Франваль показал эти письма жене: та в ту же минуту взялась за перо, успокаивая матушку, призывая ее изменить взгляд на дело, описывая счастье, которым она наслаждалась с тех пор, как невзгоды смягчили душу ее злосчастного супруга. При этом она уверяла, что напрасны попытки заставить ее вернуться в Париж, ибо она не покинет Вальмор до тех пор, пока дело мужа не будет улажено. Если же из-за злобности недругов или неразумного рвения судей он будет подвержен аресту и заклеймен позором, она определенно решила покинуть родину вместе с ним.

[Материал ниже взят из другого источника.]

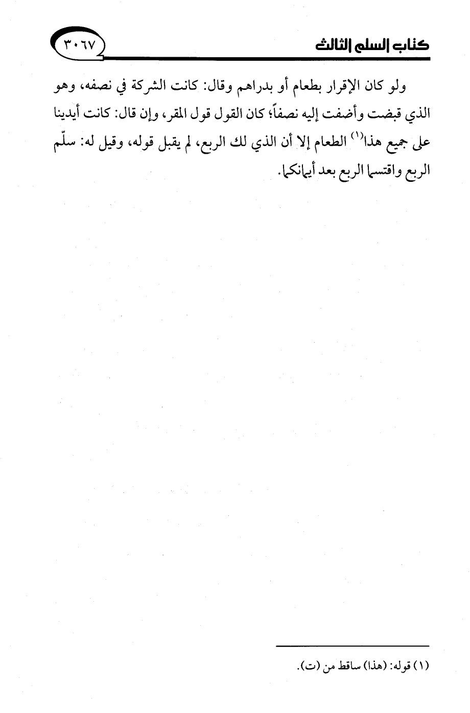 ولو كان الإقرار بطعام أو بدراهم وقال: كانت الشركة في نصفه، وهو الذي قبضت وأضفت إليه نصفًا، كان القول قول المقر، وإن قال: كانت أيدينا على جميع هذا (¬1) الطعام إلا أن الذي لك الربع، لم يقبل قوله، وقيل له: سلّم الربع واقتسما الربع بعد أيمانكما.

Франваль поблагодарил жену. Однако, не желая дожидаться уготованной ему участи, предупредил ее, что уезжает на некоторое время в Швейцарию, оставляет Эжени на ее попечение и умоляет обеих не покидать Вальмор, пока судьба его не прояснится. А он, что бы ни случилось, будет изредка наезжать в Вальмор, чтобы провести денек с дорогой супругой и сообща подумать о способах добиться возвращения в Париж, если ничто не станет тому препятствовать, либо, в противном случае, о том, как переждать где-нибудь в более безопасном месте.

Приняв эти решения, Франваль, ни на миг не забывающий, что единственной причиной его неудач послужил неосторожный шаг жены с Вальмоном, и горящий желанием отомстить, велел сказать дочери, что ждет ее в глубине парка. Там, запершись с ней в уединенной беседке и заставив поклясться в самом слепом исполнении его предписаний, он поцеловал ее и сказал:

– Вы теряете меня, дочь моя, быть может, навсегда...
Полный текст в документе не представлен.